Orgovyx, researchers wrote, “achieved high castration rates in 95% or more of patients across localized, locally advanced, recurrent, and/or metastatic disease. Rapid testosterone recovery was achieved with [Orgovyx], and no new safety concerns were identified in the radiotherapy setting.” These results, they further noted, “suggest that [Orgovyx] is safe and effective in patients receiving radiotherapy for prostate cancer.”
The injectable treatments, Choudhury explained, work by initially overloading the body’s testosterone production machinery, leading to an overdrive of the system that eventually causes it to shut itself off.

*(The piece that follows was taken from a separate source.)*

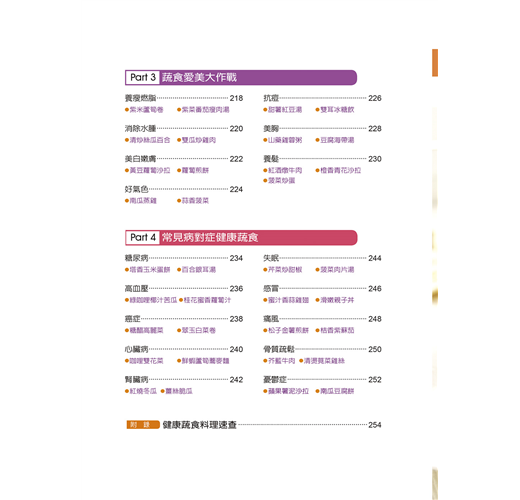 254 【附錄2】常見病對症蔬療功效VS.養生食譜索引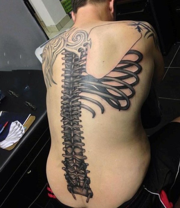 脊柱纹身男 设计感十足的男生脊柱纹身图案

Orgovyx, conversely, directly blocks the production of testosterone.
“So, rather than overdriving the system and then locking it up, [Orgovyx] actually locks it directly so that the testosterone never has a surge at the beginning so that testosterone becomes lower much faster and stays lower during the course of treatment — what we call the sustained castration rate in these particular trials,” he said. “But, also interestingly, after you stop, it wears off more quickly and then the testosterone recovers more quickly.”
For example, researchers noted, in the Orgovyx and Firmagon patient arms 52% of patients (34 patients) and 16% (six patients) had testosterone levels return to baseline within 12 weeks of discontinuing treatment.
Furthermore, researchers stated that a previous study showed that among patients receiving long-term androgen deprivation therapy with an injectable drug at a median duration of 24 months, 47% of patients did not recover to normal testosterone levels within two years after stopping.“In contrast,” they wrote, “even after 48 weeks of [Orgovyx] treatment, most men recovered to normal testosterone levels within 90 days after discontinuing ADT.”
Side effects associated with lowered testosterone, Choudhury said, can include lowered sexual interest and sexual function as well as fatigue, hot flashes, moodiness, achiness and more concerning symptoms such as weight gain, increased blood sugar and cholesterol, and decreased muscle mass and bone mass.
“That's why it's very important that, after the treatment is done, that we want the testosterone to recover back to the normal range, so people are not having to deal with those sorts of long-term side effects,” he said.